Having talked about my favorite combination of web frameworks – Angular for the frontend and Django there’s still one more thing I want to cover on the web framework side: Flask. For “serious” web development, Django has been my default choice, but I did end up with several Flask applications. In some cases, I already had a database layer written in SQLAlchemy, so porting that to Django would have only taken time and using Flask meant I could use it with no changes.
Flask is a “micro” framework and excels in those “I really need to get something running right now” cases, more so if you’re working with others who may not be familiar with Django, as Flask literally allows you to get up to speed with a single file. It also comes with very extensive documentation that covers plenty of “real-world” problems that you might run into.

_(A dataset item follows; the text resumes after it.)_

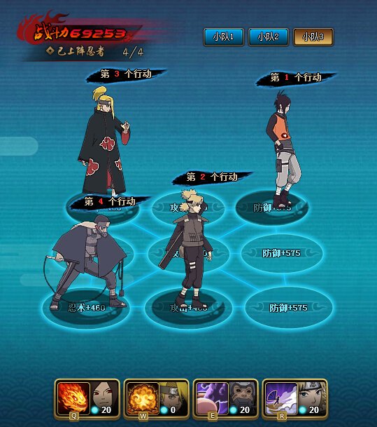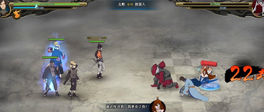 第一回合:就半藏喷毒,迪达拉等点燃后爆炸。手鞠或者迪达拉普攻出连击可以来一套,出不来也不强求,想冲刺分数的,需要刷一下。
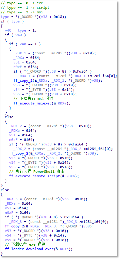 窃密配置中有一个比较特殊的字段 loader,发现该字段为 0 或 1 都会执行,区别是 0 时会在窃密结束前运行,1 时会在窃密初期运行。

In my experience, Flask also excels at being highly modular yet never feeling like a set of disjoint pieces. I had one case where I started with Flask and had to grow the application relatively quickly by adding a proper ORM, integrate with a task queue, and replace the HTML templates with a REST interface that was driven from an Angular SPA. Even though that resulted in significant changes to the application, I never ran into issues with not being able to make a change because components would stop working or something. This ability to scale is welcome if you’re just starting out and you don’t know very well where you’re going. The REST API in particular was interesting – I had to change all page templates to produce JSON, and this was something that I did right within Flask. If you’re occasionally writing some web tool, and you want to get something up and running within an hour, do give Flask a try!